Women more at risk of poverty after divorce than men

Women in the Netherlands are still more likely to fall below the poverty line after getting divorced than their male counterparts, Statistics Netherlands reported on Friday. Among couples who got divorced in 2017, 17 percent of women was below the low-income line a year later, compared to 7 percent of men.

This gap is getting smaller, the stats office said. When this study was done among people who got divorced in 2012, 9 percent of men were at risk of poverty a year later and 25 percent of women. "In the population, the proportion with a low income also declined in five years, but the decrease was more pronounced among divorced men and women," the stats office said.

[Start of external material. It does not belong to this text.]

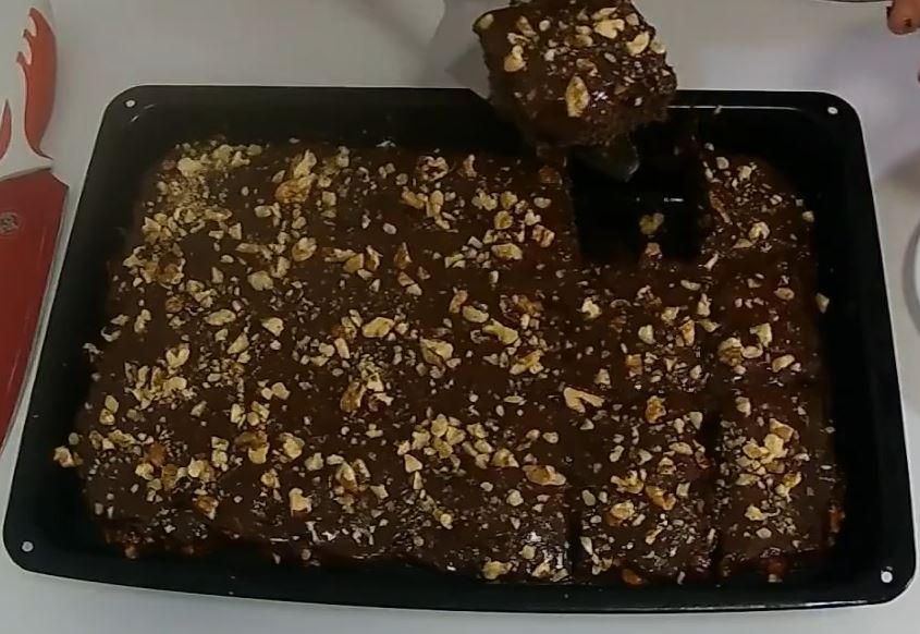 Preko ispečenog i ohlađenog kolača naneti džem pomešan sa 200gr. seckanih oraha.Zatim otopiti 150-200gr.crne čokolade pa preliti preko.I na kraju posipati seckanim orasima.

According to Statistics Netherlands, the decrease in the risk of poverty is linked to an increase in the share of economically independent women after the euro crisis in 2014. Of the women who got divorced in 2017, over 60 percent were economically independent before their divorce, earning at least the welfare level income. Of the women who were not economically independent before their divorce that year, 38 percent were at risk of poverty a year later, compared to 4 percent of divorced women who were economically independent.

After divorce, 25 percent of the relatively small group of men who were not economically independent were at risk of poverty. Of the men who were economically independent, 2.5 percent risked falling below the poverty line.

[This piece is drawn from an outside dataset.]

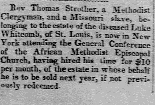 Reverend Strother was enslaved by a St. Louis merchant who died in 1850 deeply in debt. His estate was taken by creditors who were selling it off. Reverend Strother, his wife, and his daughter were part of this estate. Throughout 1851 and ‘52, Reverend Strother travelled the country trying to raise $1,600, an incredible amount of money at the time, to purchase the freedom of his wife, daughter, and himself. Additionally, Reverend Strother had to pay the creditors, now the de facto enslavers, $10 a month in order to be able to leave to raise the funds. His wife and daughter remained in St. Louis.

Among women, the presence of children make relatively little difference in whether they're at risk of poverty after their divorce. Despite the loss of their partner's income and without child maintenance, over 80 percent of single mothers were above the low-income line a year after their divorce. Among divorced women without kids, 79 percent were above the low-income line.

Among men, the risk of poverty for those with no kids is notably higher than the average divorced man at 9 percent. According to the stats office, this is because single men with no children tend to be younger and more likely to have a low income or unstable employment situation than older men.